§ **What needs to be done**:
Everything from the "- General: Special" line to the final line of the listing should be written out exactly. Skip the pictures.

§ **Provided material**:
***

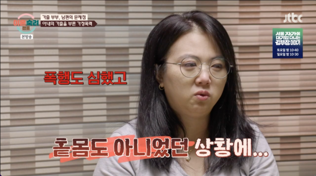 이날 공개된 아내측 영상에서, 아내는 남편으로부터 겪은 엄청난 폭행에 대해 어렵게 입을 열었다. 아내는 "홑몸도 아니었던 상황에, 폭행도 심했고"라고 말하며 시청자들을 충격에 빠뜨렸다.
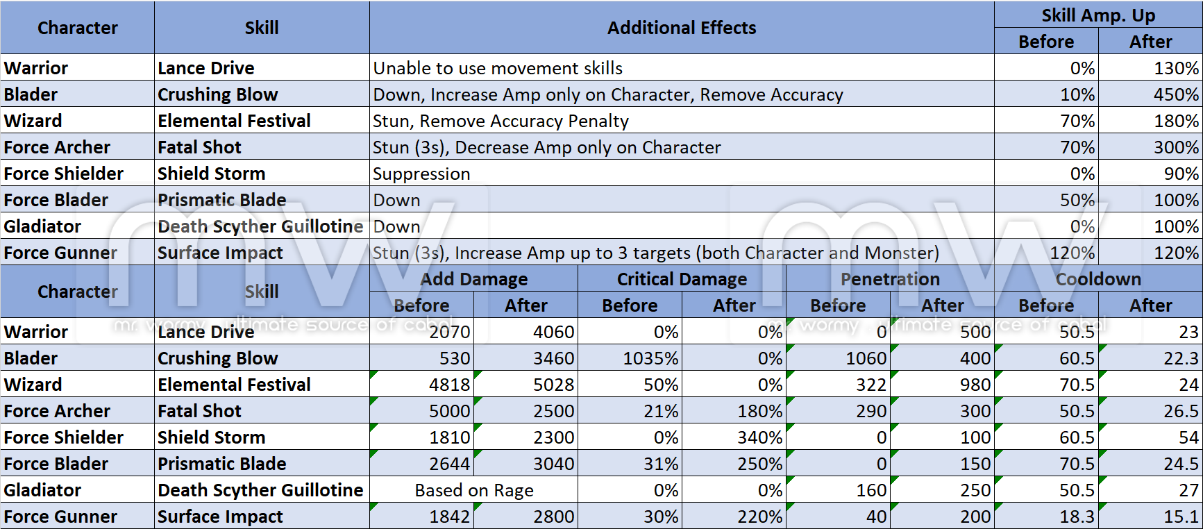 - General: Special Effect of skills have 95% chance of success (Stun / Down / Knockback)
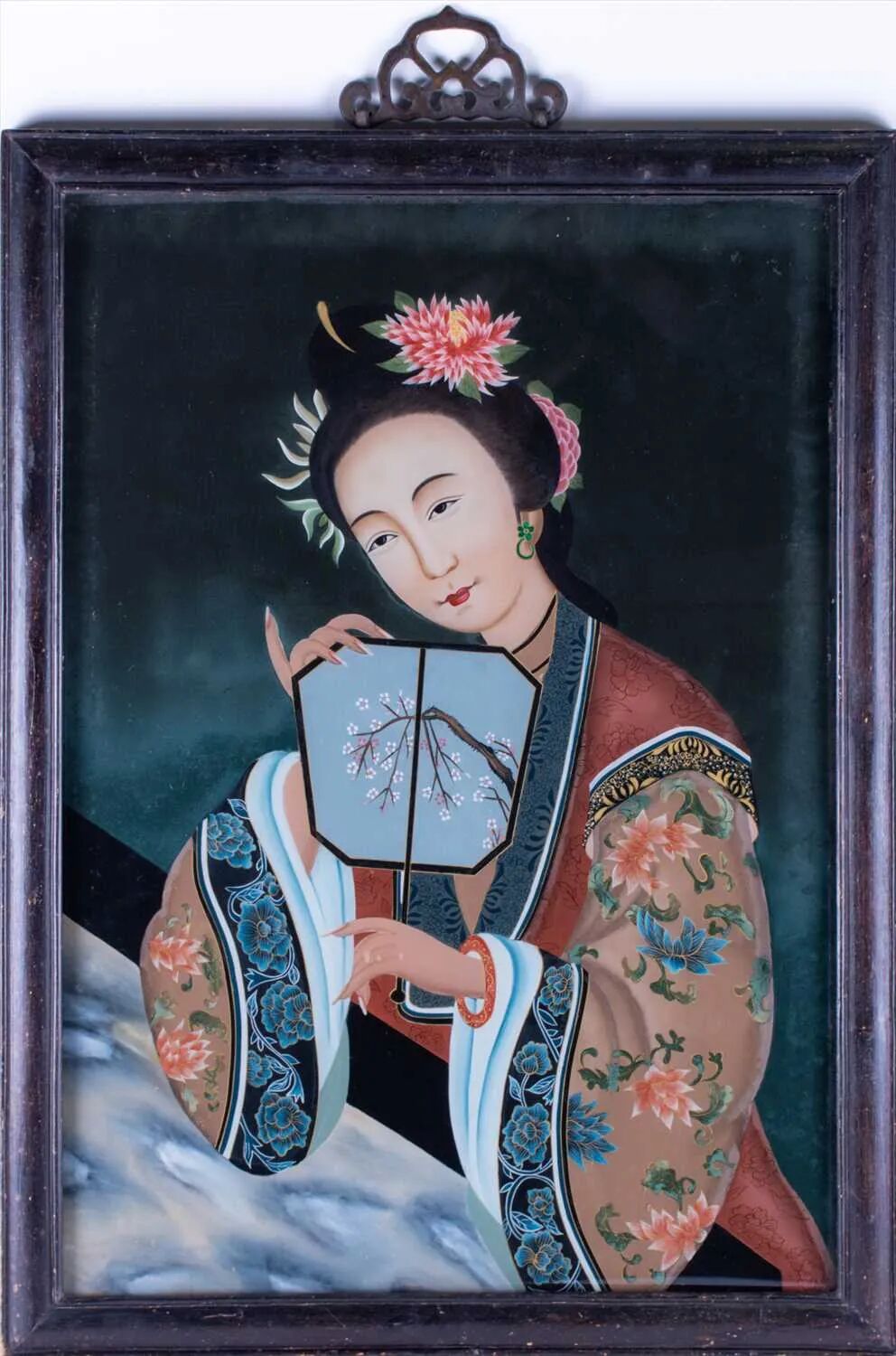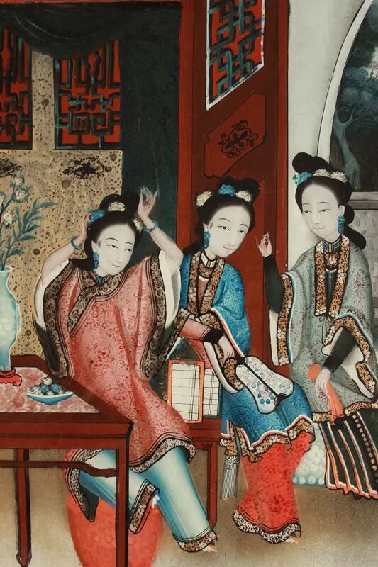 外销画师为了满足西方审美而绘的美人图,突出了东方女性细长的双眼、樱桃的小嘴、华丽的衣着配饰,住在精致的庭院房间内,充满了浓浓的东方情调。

***

§ **Response box**:
 - General: Special Effect of skills have 95% chance of success (Stun / Down / Knockback)
 外销画师为了满足西方审美而绘的美人图,突出了东方女性细长的双眼、樱桃的小嘴、华丽的衣着配饰,住在精致的庭院房间内,充满了浓浓的东方情调。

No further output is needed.